[Source data]
################
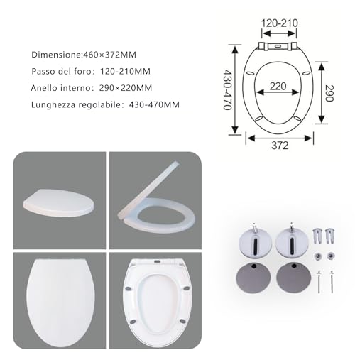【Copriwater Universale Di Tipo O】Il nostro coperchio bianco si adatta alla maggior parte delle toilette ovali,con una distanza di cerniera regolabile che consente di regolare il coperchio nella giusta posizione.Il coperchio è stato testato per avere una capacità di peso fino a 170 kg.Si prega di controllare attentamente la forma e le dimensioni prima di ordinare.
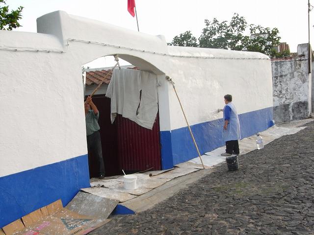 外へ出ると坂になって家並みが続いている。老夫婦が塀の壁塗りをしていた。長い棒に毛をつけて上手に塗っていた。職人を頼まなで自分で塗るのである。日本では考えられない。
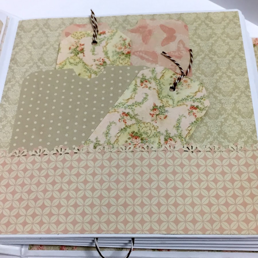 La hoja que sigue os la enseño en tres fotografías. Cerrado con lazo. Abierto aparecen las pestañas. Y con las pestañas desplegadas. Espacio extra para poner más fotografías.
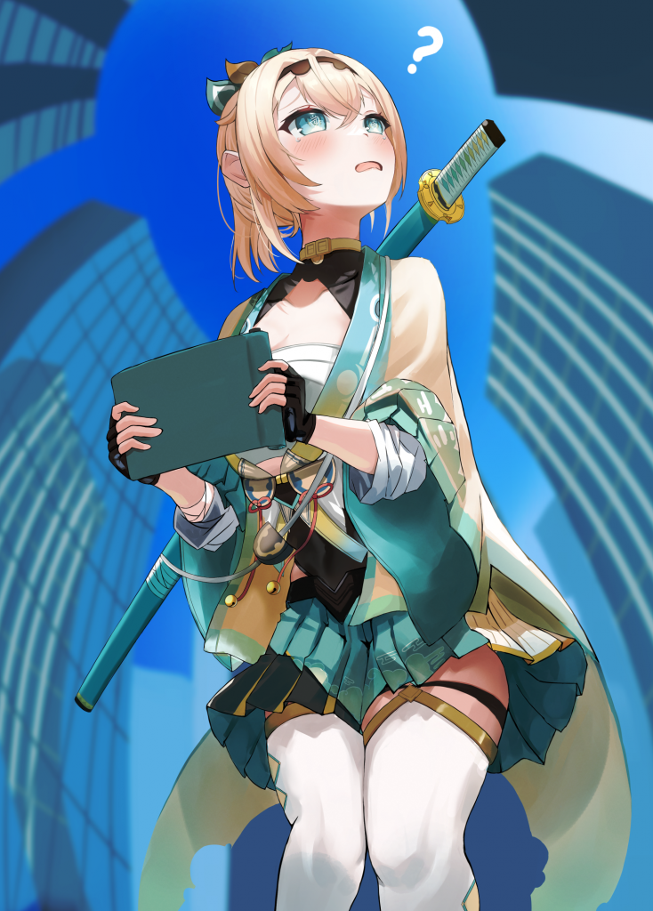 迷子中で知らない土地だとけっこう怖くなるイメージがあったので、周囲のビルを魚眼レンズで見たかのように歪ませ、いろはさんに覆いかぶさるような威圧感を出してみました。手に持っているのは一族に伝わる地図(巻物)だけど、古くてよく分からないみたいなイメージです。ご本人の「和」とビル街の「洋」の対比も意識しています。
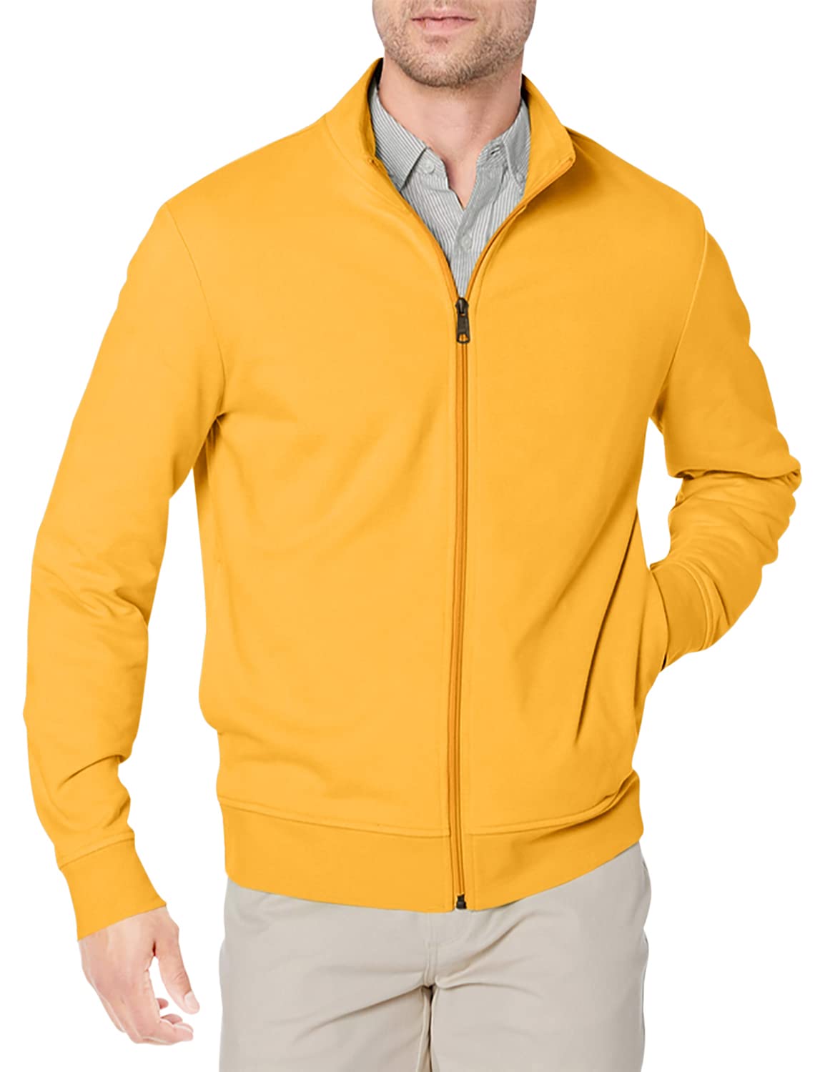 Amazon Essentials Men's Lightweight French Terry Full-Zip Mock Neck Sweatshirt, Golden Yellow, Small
################
▸ **Your objective**: Pictures in the entries do not go into the copy. Print only the lines starting at the one containing "外へ出ると坂になって家並みが" and ending at the one containing "La hoja que", exactly as they appear.

▸ **Task answer**:
 外へ出ると坂になって家並みが続いている。老夫婦が塀の壁塗りをしていた。長い棒に毛をつけて上手に塗っていた。職人を頼まなで自分で塗るのである。日本では考えられない。
 La hoja que sigue os la enseño en tres fotografías. Cerrado con lazo. Abierto aparecen las pestañas. Y con las pestañas desplegadas. Espacio extra para poner más fotografías.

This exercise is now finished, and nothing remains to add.